Logits for each position and possible amino acid substitution

spurs.functional_site_annotation.get_wt_aa_logit_differences(sequence: str, mut_indices: list, batch_converter, model, device: torch.device, alphabet, shift: int = 1)[source]

Calculate differences between wild-type and mutant amino acid logits.
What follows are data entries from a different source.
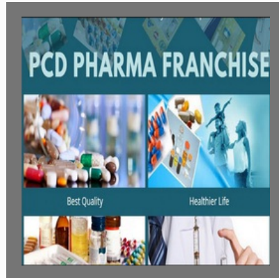
Allopathic PCD Pharma Franchise in Uttarpradesh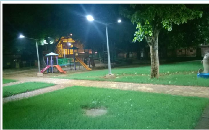
Park at 'B' Block, Koel Nagar

As a part of beautification and development of parks the of 'B' Block, Koel Nagar with LED light has been illuminated on dt.31.07.2015 with an estimated cost of Rs. 7.00 lakhs. The local residents children, youth can use this park in the evening hours.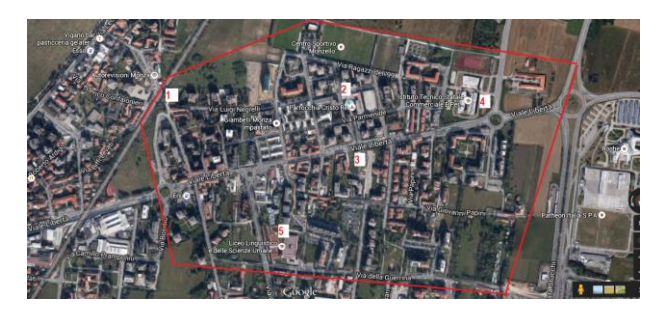
Figure 1. Perimeter of the pilot area ("Libertà" district, city of Monza).

According to what already defined in [4] the pilot area to be monitored consists of a district of the city of Monza as shown in Figure 1.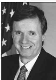
Timothy J. Muris

This function helps identify positions where mutations would have the strongest effect by comparing model predictions for all possible amino acid substitutions against the wild-type amino acid at each position.

Parameters
  • sequence – Protein sequence

  • mut_indices – Positions to analyze

  • batch_converter – ESM batch converter

  • model – ESM model

  • device – Computation device

  • alphabet – ESM alphabet

  • shift – Index adjustment (default: 1)

Returns

Tensor of logit differences between wild-type and all possible mutations

spurs.functional_site_annotation.plot_sigmoid_results(result, shift=1, vcenter=0, highlight_positions=[])[source]

Visualize functional site prediction results using a scatter plot.

Creates a plot showing normalized mutation effects across protein positions, with optional highlighting of specific positions of interest. The color scheme uses a diverging colormap centered at vcenter.

Parameters
  • result – Tuple containing (normalized_ddg, mask_results, None, sigmoid_parameters)

  • shift – Position numbering offset (default: 1)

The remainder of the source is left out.